Mesoporous Thin Films of TiO2 on Attenuated Total Reflection Crystals. An In Situ Fourier-Transform Infrared Study of the Kinetics and Equilibrium of Adsorption and Photocatalysis of Carboxylic Acids

Abstract

Highly organized titanium dioxide (TiO2) mesoporous thin films were deposited directly on silicon attenuated total reflection (ATR) crystals by dip-coating, submitted to two different thermal treatments, and characterized by ellipsometric porosimetry analysis (EPA), X-ray diffraction, and electron microscopy. The kinetics and equilibrium of the adsorption of oxalic acid as well as their photocatalytic efficiency were studied in situ by Fourier transformed infrared spectroscopy (FTIR-ATR). The spectral properties and the Langmuir constants of the detected surface complexes resemble those previously found in TiO2 Degussa P25 and anatase particulate films. The photocatalytic activity for the oxidation of oxalic acid was found to be similar to the corresponding one for Degussa P25. The kinetics of adsorption of oxalic acid follows a pseudo-first-order behavior.
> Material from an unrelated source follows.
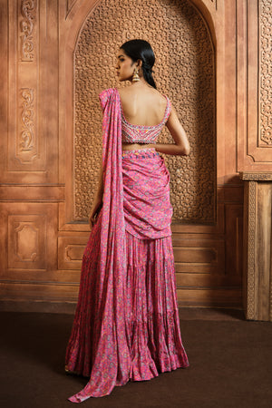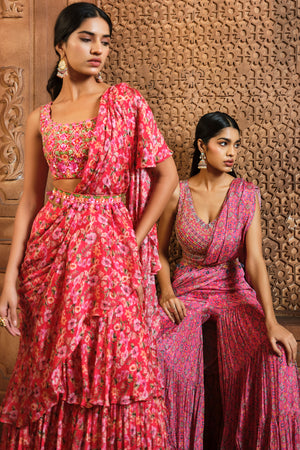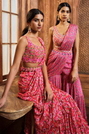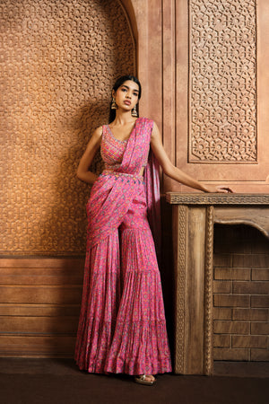 • Featuring a pink persian chiffon printed gathering sharara with attached pallu and a linear pattern hand embroided sleeveless blouse.

The pseudo-first-order rate constants show a linear relationship with the oxalic acid concentration. Adsorption (ka) and desorption rate constants (kd) were obtained. The ka values were analyzed in relation to the pore and neck sizes, accessible volume, thickness, and film area. The film area affects strongly the kinetic parameters, while no clear dependence on the thickness value was observed. When the film area is taken into account, adsorption rates on mesoporous films are appreciably larger than on particulate films. Thus, enhanced adsorption rates make mesoporous films better candidates as photocatalysts. The difference is interpreted in terms of a reduced tortousity in the ordered mesoporous films, probably due to their regular spatial order. It is also concluded that sensors and catalysts based on mesoporous films should respond faster than those based on conventional films.